OCFS2 Dentry Removal Strategy
Mark Fasheh <mark dot fasheh at oracle dot com>
August 30, 2006
Goals / Requirements
To remove the current dentry vote mechanism. A replacement should:
- Perform better in the common case
Keep a very fast ->d_revalidate() callback
- Maintain a high level of consistency with respect to dentry updates in the file system
- Not require any direct file system messaging
The last requirement in particular, will put OCFS2 one step closer to not needing any node information, which will in turn allow us to switch cluster stacks more easily.
Problem Description
The problem is one of keeping the dentry cache between nodes consistent. In a world without rename or unlink, this is pretty easy because we can just let nodes build up names via ->lookup() and just take cluster locks to protect the directory during read. Once a node wants to remove or rename a dentry however, things get much more difficult, and some sort of node synchronization is required.
Votes
Currently the OCFS2 file system employs a vote mechanism to maintain dcache consistency during rename or unlink. In short, a vote is a network message which the file system transmits to all nodes that are concurrently mounted. The vote contains three values of importance:
Parent Directory Inode # |
Inode # |
Name |
Dentry votes against a given name within a directory are serialized by the exclusive lock on the parent directory. This way, multiple concurrent unlink requests within a directory won't stomp on each other. Similarly, the map of currently mounted nodes is kept static by holding a read level lock on the super block lock during the entire vote operation.
Upon recieving the vote, each node does an ilookup() on the inode, and walks the i_dentry list, looking for a dentry with a d_parent and d_name that match those within the vote.
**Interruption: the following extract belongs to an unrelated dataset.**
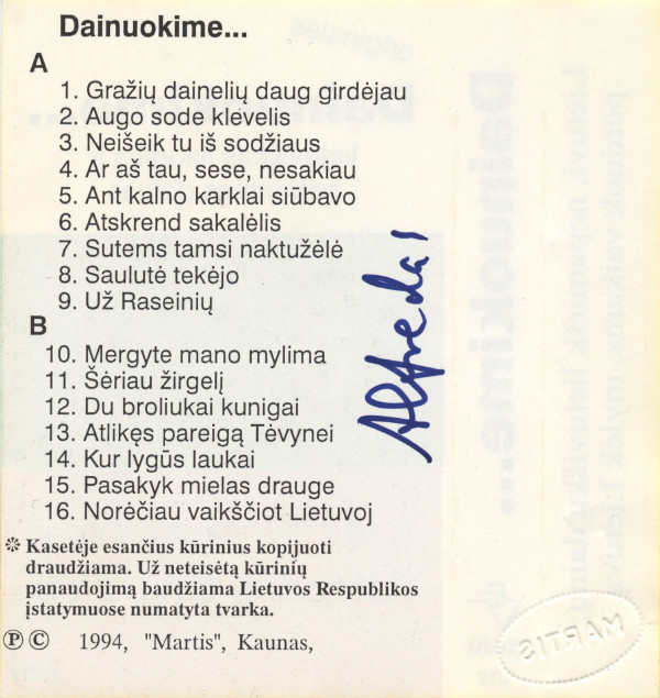 | A1 | Gražių Dainelių Daug Girdėjau |

If one is found, it's passed to d_delete() which will unhash it from the dcache, thus making it impossible for a process to find later.
ocfs2_unlink() sends a vote for the name being removed. ocfs2_rename() will send up to two votes - one for the name being moved, and an optional one for the name being replaced, if the rename also results in an unlink. It might be possible to get fancy with rename, but it's really not worth complicating an already very complicated process.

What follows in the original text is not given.